### Given data

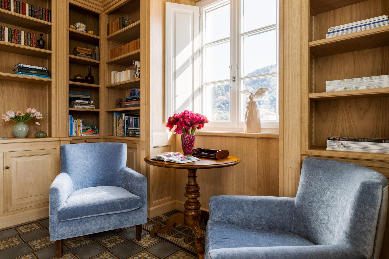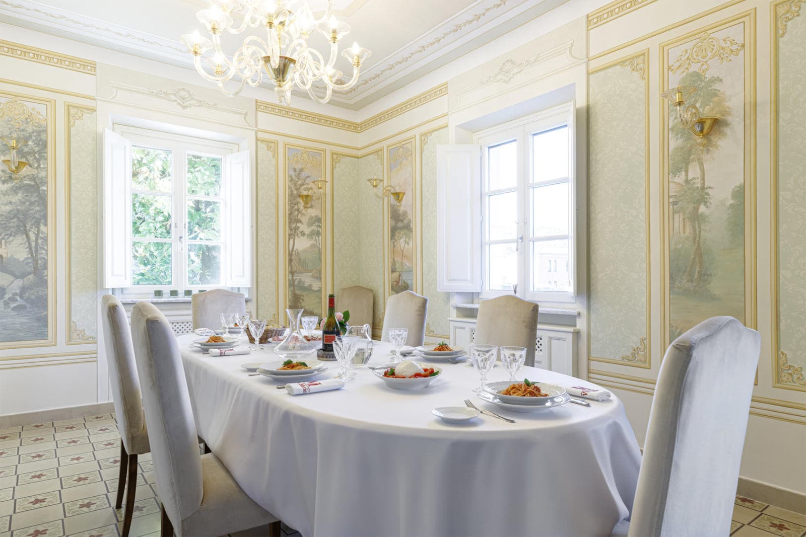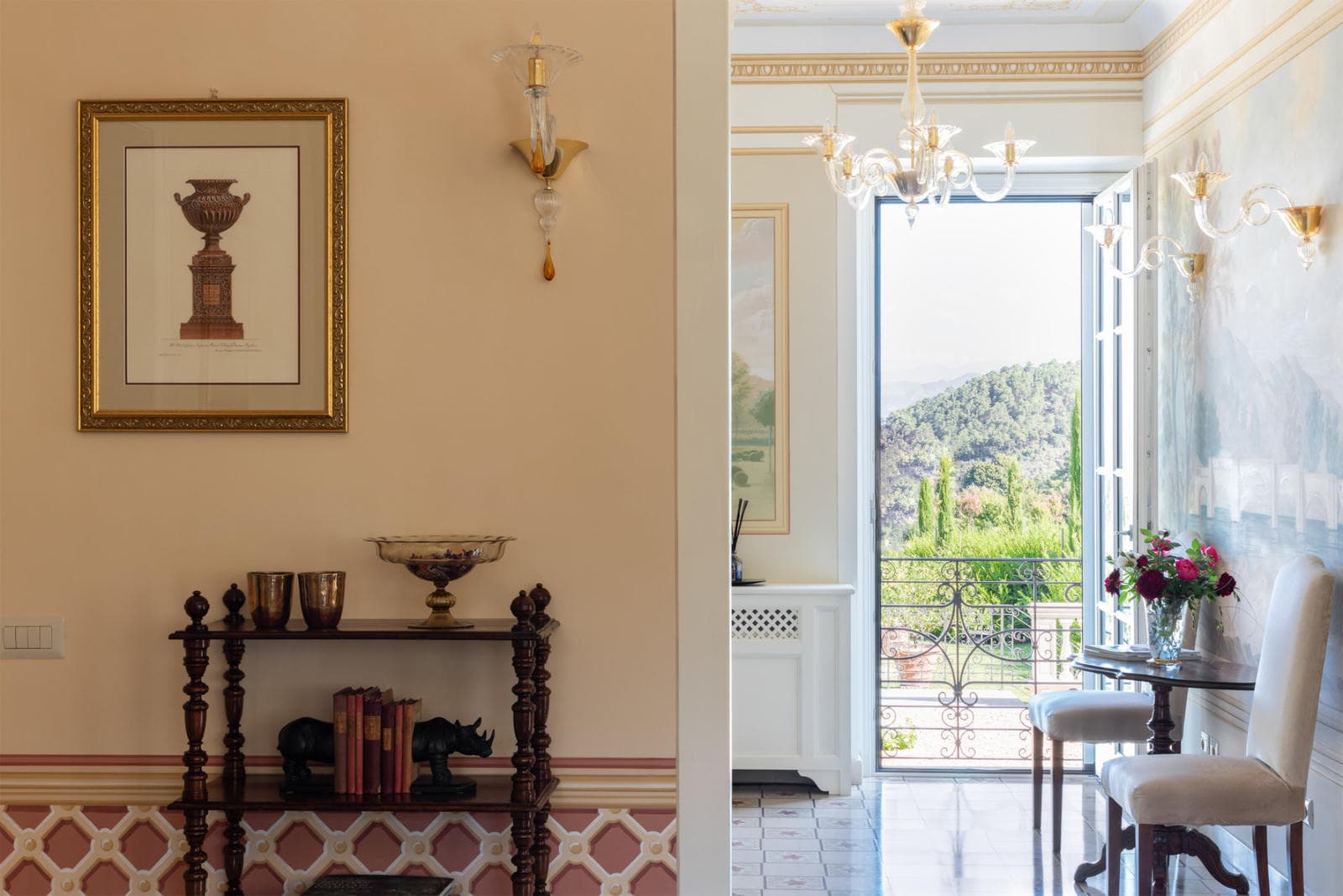 An entrance hall leads into the living room which is at the heart of the villa, spacious, light-filled and beautifully decorated. Around the living room you will find a well-equipped kitchen, a dining room with beautiful wall paintings and a charming studio with a TV, books, and a bar. From this floor a lift can relieve you of the need to use the stairs, making the other floors easy to reach.
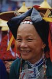 惠東女服飾文化源遠流長,其形成、發(fā)展過程一直是中外人類學、民俗學專家關注的課題。其來源有種種傳說,目前尚無定論。據(jù)史料記載,清代中后期,惠東婦女上穿黑色或紫色長袖挖襟衫,下穿黑色大折褲。衣長、胸、腰背寬闊,下沿稍呈弧形外展,與清代流行的“大夫衫”(長式挖襟衫)類似。不同的是袖口偏窄,袖子接長,故名“接袖衫”又名“卷袖衫”接袖的用意十分有趣,為的是讓新娘入洞房時提起長袖以遮掩一臉羞紅;過了3日,才在長袖一半處翻卷逢住固定。到了清未“接袖衫”各部分略為收縮,衣沿弧度加長,臂圍寬度加闊并向外彎展,腰圍處的中式紐攀減少,兩個連在一起,袖口繞藍布邊。領圍上刺繡圖案由簡變繁,領根下方形色布改為三角形。胸、背中線兩側綴做兩塊方形黑色、深褐色綢布,其四邊各鑲接一塊三色形色布,改稱“綴做衫”。褲子為“大折褲”又名“大筒褲”,俗稱“漢裝褲”。褲一般用黑色布,也有用藍色的。褲腳寬約1.2尺,褲頭約2尺,縫一道5寸的藍色布邊。其樣式從清代中后期至今沒有多大變化,惟質料由舊時用粗布,今天改為通用黑綢布?;輺|女服飾,歷來重視腰以上部分,特別以頭飾最為突出,花樣繁多,不同場合、不同年齡的頭飾有明顯區(qū)別。
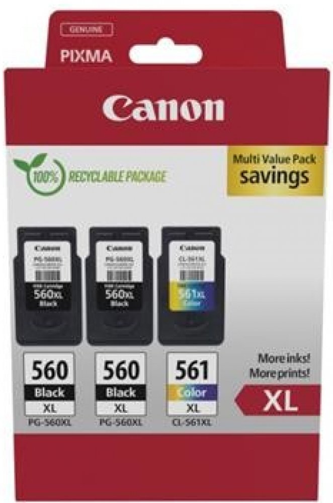 Canon cartridge PG-560XL (2x černá) / CL-561XL (1x barevná) Multipack PG-560XLx2/CL-561XL MULTI Ink Value Pack (XL Black x2 & XLColour Cartridges) pro
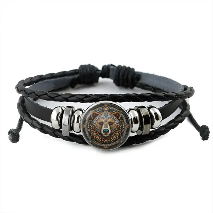Кожаный браслет с декоративным элементом в виде медведя под стеклянной линзой.
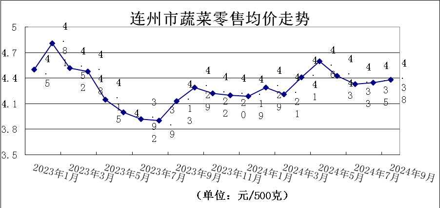9月份,我市蔬菜價(jià)格微升,農(nóng)貿(mào)市場監(jiān)測的30種主要蔬菜零售價(jià)格“15升5平10降”,蔬菜類平均零售價(jià)格為4.38元/500克,環(huán)比升0.69%。其中,葉菜類零售價(jià)格為4.45元/500克,環(huán)比升1.14%,花菜類零售價(jià)格為3.96元/500克,環(huán)比升6.17%,瓜菜類零售價(jià)格為4.20元/500克,環(huán)比降0.24%,根莖類零售價(jià)格為4.65元/500克,環(huán)比降0.21%。
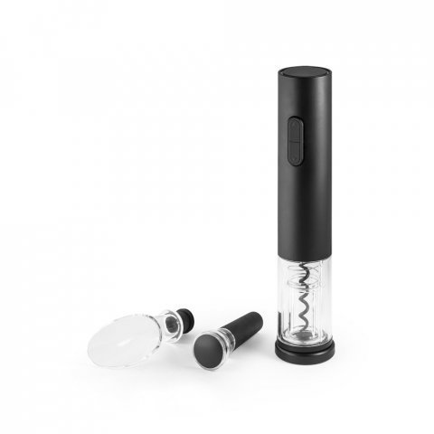 Conjunto de saca-rolhas elétrico e acessórios em ABS e TPE. Incluso corta cápsulas, rolha de vácuo e salva-gotas (pilhas inclusas). Fornecido em caixa presente. Saca rolhas: 45 x 227 mm | Caixa: 241 x 90 x 54 mm
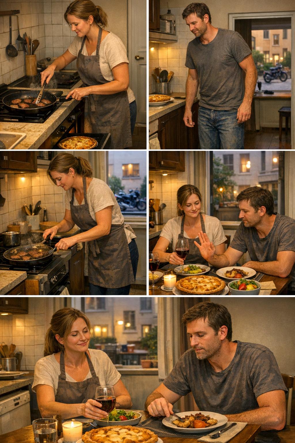 Lilla megfordította a sercegve piruló hússzeleteket, majd fedőt tett a serpenyőre. A nyitott ablakon át motorzúgás és a kerekek halk surrogása hallatszott az udvar felől. Márk megérkezett – és ő még nem végzett a vacsorával. Gyorsan ellenőrizte a sütőben sülő almás pitét, aztán elővette a hűtőből a zöldségeket, és a csap alá tartotta őket.
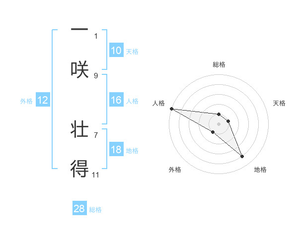 一咲 壮得さんを姓名の画数から五運を鑑定
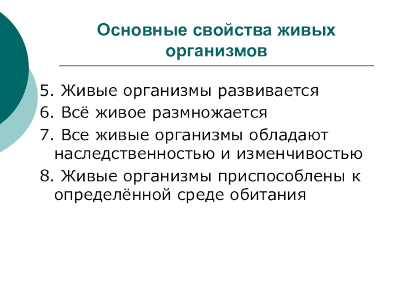 Основные свойства живых организмов5. Живые организмы развивается6. Всё живое размножается7. Все живые организмы обладают наследственностью и изменчивостью
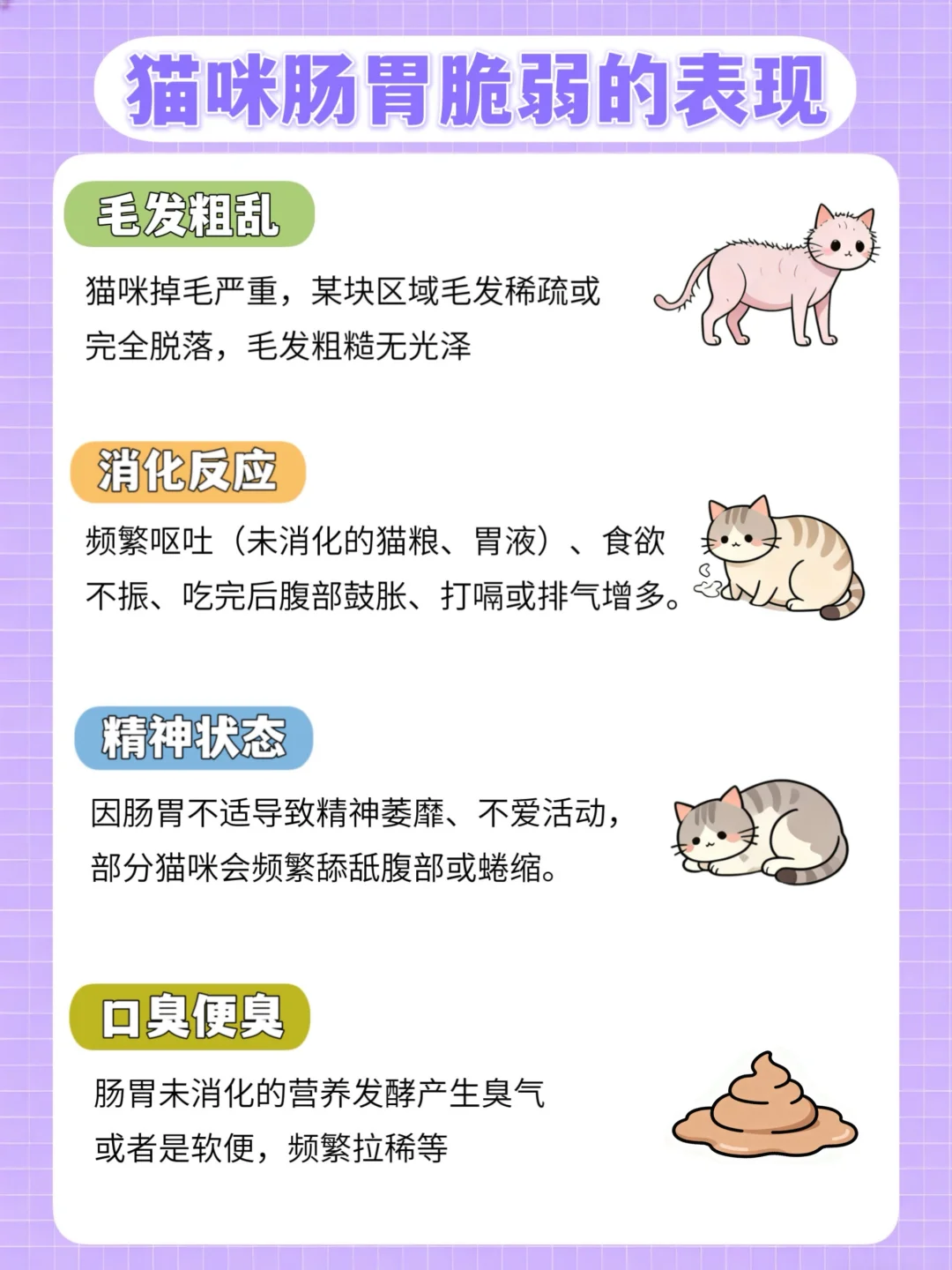 ⚠️很多铲屎官发现猫咪吃得多却不长肉,还频繁软便拉稀,核心原因一定是肠胃消化吸收出了问题,或者是猫粮里的成分不耐受(比如谷物、劣质添加剂❌)。

######

Pictures don't belong in the copy. Transcribe every record exactly as it appears.

 An entrance hall leads into the living room which is at the heart of the villa, spacious, light-filled and beautifully decorated. Around the living room you will find a well-equipped kitchen, a dining room with beautiful wall paintings and a charming studio with a TV, books, and a bar. From this floor a lift can relieve you of the need to use the stairs, making the other floors easy to reach.
 惠東女服飾文化源遠流長,其形成、發(fā)展過程一直是中外人類學、民俗學專家關注的課題。其來源有種種傳說,目前尚無定論。據(jù)史料記載,清代中后期,惠東婦女上穿黑色或紫色長袖挖襟衫,下穿黑色大折褲。衣長、胸、腰背寬闊,下沿稍呈弧形外展,與清代流行的“大夫衫”(長式挖襟衫)類似。不同的是袖口偏窄,袖子接長,故名“接袖衫”又名“卷袖衫”接袖的用意十分有趣,為的是讓新娘入洞房時提起長袖以遮掩一臉羞紅;過了3日,才在長袖一半處翻卷逢住固定。到了清未“接袖衫”各部分略為收縮,衣沿弧度加長,臂圍寬度加闊并向外彎展,腰圍處的中式紐攀減少,兩個連在一起,袖口繞藍布邊。領圍上刺繡圖案由簡變繁,領根下方形色布改為三角形。胸、背中線兩側綴做兩塊方形黑色、深褐色綢布,其四邊各鑲接一塊三色形色布,改稱“綴做衫”。褲子為“大折褲”又名“大筒褲”,俗稱“漢裝褲”。褲一般用黑色布,也有用藍色的。褲腳寬約1.2尺,褲頭約2尺,縫一道5寸的藍色布邊。其樣式從清代中后期至今沒有多大變化,惟質料由舊時用粗布,今天改為通用黑綢布?;輺|女服飾,歷來重視腰以上部分,特別以頭飾最為突出,花樣繁多,不同場合、不同年齡的頭飾有明顯區(qū)別。
 Canon cartridge PG-560XL (2x černá) / CL-561XL (1x barevná) Multipack PG-560XLx2/CL-561XL MULTI Ink Value Pack (XL Black x2 & XLColour Cartridges) pro
Кожаный браслет с декоративным элементом в виде медведя под стеклянной линзой.
9月份,我市蔬菜價(jià)格微升,農(nóng)貿(mào)市場監(jiān)測的30種主要蔬菜零售價(jià)格“15升5平10降”,蔬菜類平均零售價(jià)格為4.38元/500克,環(huán)比升0.69%。其中,葉菜類零售價(jià)格為4.45元/500克,環(huán)比升1.14%,花菜類零售價(jià)格為3.96元/500克,環(huán)比升6.17%,瓜菜類零售價(jià)格為4.20元/500克,環(huán)比降0.24%,根莖類零售價(jià)格為4.65元/500克,環(huán)比降0.21%。
 Conjunto de saca-rolhas elétrico e acessórios em ABS e TPE. Incluso corta cápsulas, rolha de vácuo e salva-gotas (pilhas inclusas). Fornecido em caixa presente. Saca rolhas: 45 x 227 mm | Caixa: 241 x 90 x 54 mm
 Lilla megfordította a sercegve piruló hússzeleteket, majd fedőt tett a serpenyőre. A nyitott ablakon át motorzúgás és a kerekek halk surrogása hallatszott az udvar felől. Márk megérkezett – és ő még nem végzett a vacsorával. Gyorsan ellenőrizte a sütőben sülő almás pitét, aztán elővette a hűtőből a zöldségeket, és a csap alá tartotta őket.
 一咲 壮得さんを姓名の画数から五運を鑑定
 Основные свойства живых организмов5. Живые организмы развивается6. Всё живое размножается7. Все живые организмы обладают наследственностью и изменчивостью
 ⚠️很多铲屎官发现猫咪吃得多却不长肉,还频繁软便拉稀,核心原因一定是肠胃消化吸收出了问题,或者是猫粮里的成分不耐受(比如谷物、劣质添加剂❌)。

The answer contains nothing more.